If I have this code:
def pipeline():
# Decode video, split into 1 second chunks (25 FPS)
vid = fn.experimental.inputs.video(name="DALI_INPUT_VIDEO", sequence_length=25, device='mixed')
return vid
and I call it from python with:
triton_client.async_stream_infer(...)
I will receive multiple responses, each containing 25 frames.
On the other hand if I build this pipeline:
def pipeline():
# Decode video, split into 1 second chunks (25 FPS)
vid = fn.experimental.inputs.video(name="DALI_INPUT_VIDEO", sequence_length=25, device='mixed')
bbox = dali.fn.external_source(device="cpu", name="DALI_INPUT_BBOX")
frames = []
for i in range(25):
frames.append(
dali.fn.slice(vid[i], bbox[i, :2], bbox[i, 2:])
)
return dali.fn.stack(*frames)
I receive only a single response with the first 25 frames.
How does the async happen and what do I need to do to continue an async pipeline?
Hi @joey-trigo !
Actually, you did the latter pipeline properly. The reason you're getting single response is that DALI Backend has one missing functionality to properly handle async pipelines, that have both fn.inputs.video
and fn.external_source
inside.
This PR adds this functionality: https://github.com/triton-inference-server/dali_backend/pull/191 Due to the release cycles, we need to wait until DALI 1.26 release with merging it. If you need this feature urgently, you'd need to build DALI Backend yourself (with DALI nightly release). I expect this feature to be available in Triton 23.06 release.

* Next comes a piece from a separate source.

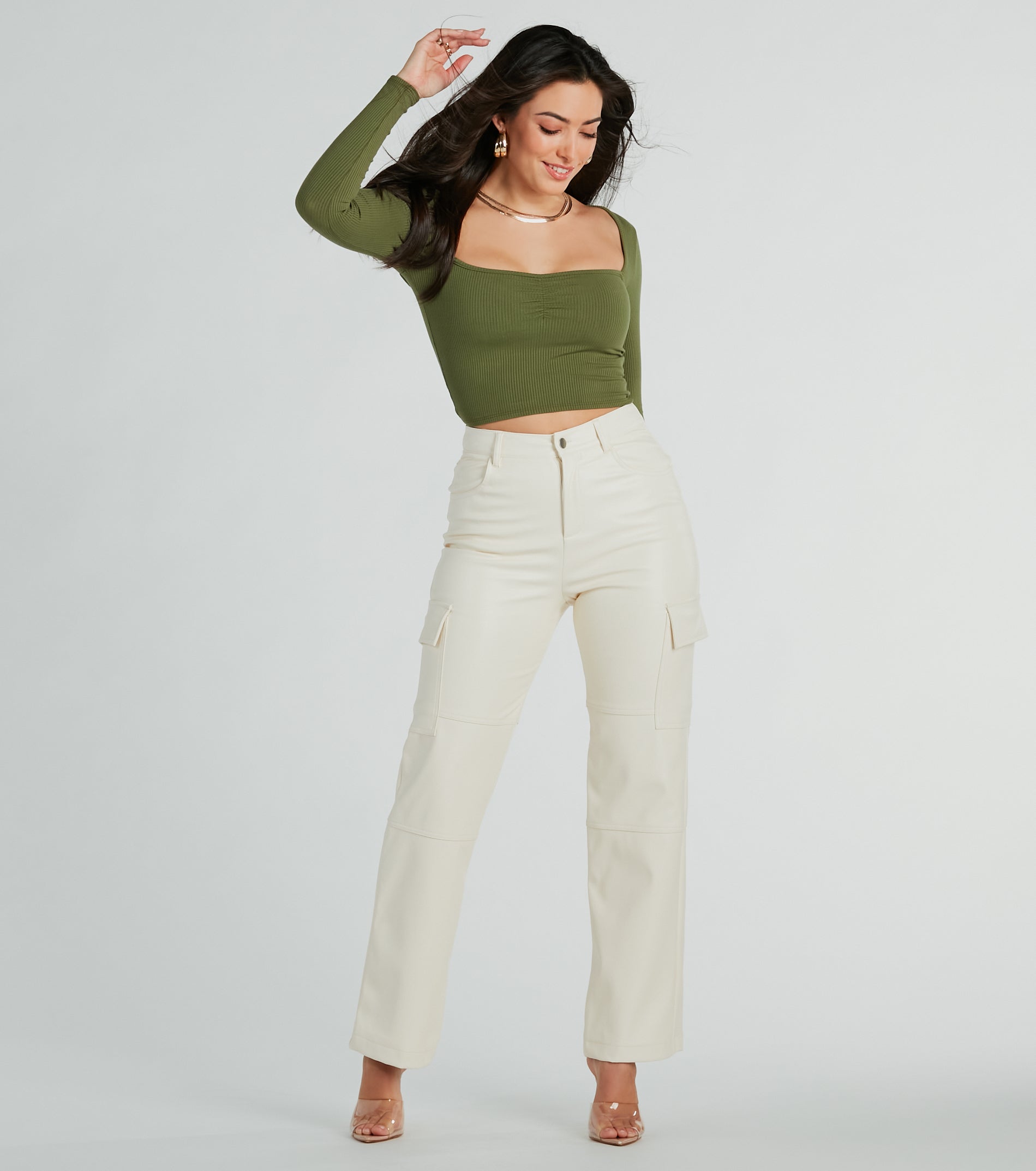 Capture those edgy-chic vibes in these sleek straight-leg faux leather cargo pants! The smooth faux leather fabric will level up your favorite casual 'fits. The high waist leads to a straight-leg silhouette for a relaxed look. The pants feature front and back pockets and cargo-style flap pockets on each side that add that trendy touch. Complete your look with a crop top and mules for happy hour.

Thanks @szalpal! I'm still a bit confused about how this functionality will work though. Let's say I have a video comprising 50 frames and each frame has an equal sized bounding box I want to crop to.
So I send a single batch to my pipeline consisting of 1 video file and 50 bounding boxes.
def pipeline():
# Decode video, split into 1 second chunks (25 FPS)
vid = fn.experimental.inputs.video(name="DALI_INPUT_VIDEO", sequence_length=25, device='mixed')
bbox = dali.fn.external_source(device="cpu", name="DALI_INPUT_BBOX")
frames = []
for i in range(25):
frames.append(
dali.fn.slice(vid[i], bbox[i, :2], bbox[i, 2:])
)
return dali.fn.stack(*frames)
In the first sequence vid[0] will refer to the first frame of the video, and in the second sequence vid[0] will be the 26th frame. Would I be able to match up the first frame to the first bounding box (bbox[0]) and the 26th frame to the 26th (bbox[25])?
@joey-trigo ,
My apologies, I didn't fully understand your case earlier.
Unfortunately, at the moment this couldn't be achieved. I would envision two ways of introducing such features:
- Enhancing DALI's external_source operator to understand a queue of batches
- Allow DALI Backend to accept subset of inputs in the request.
I would prefer to resolve it by solution 2
, but I don't know how feasible it is from Triton perspective (this might be a Triton limitation). If this won't be possible this way, we'll try to enhance external_source
with the notion of a queue of batches.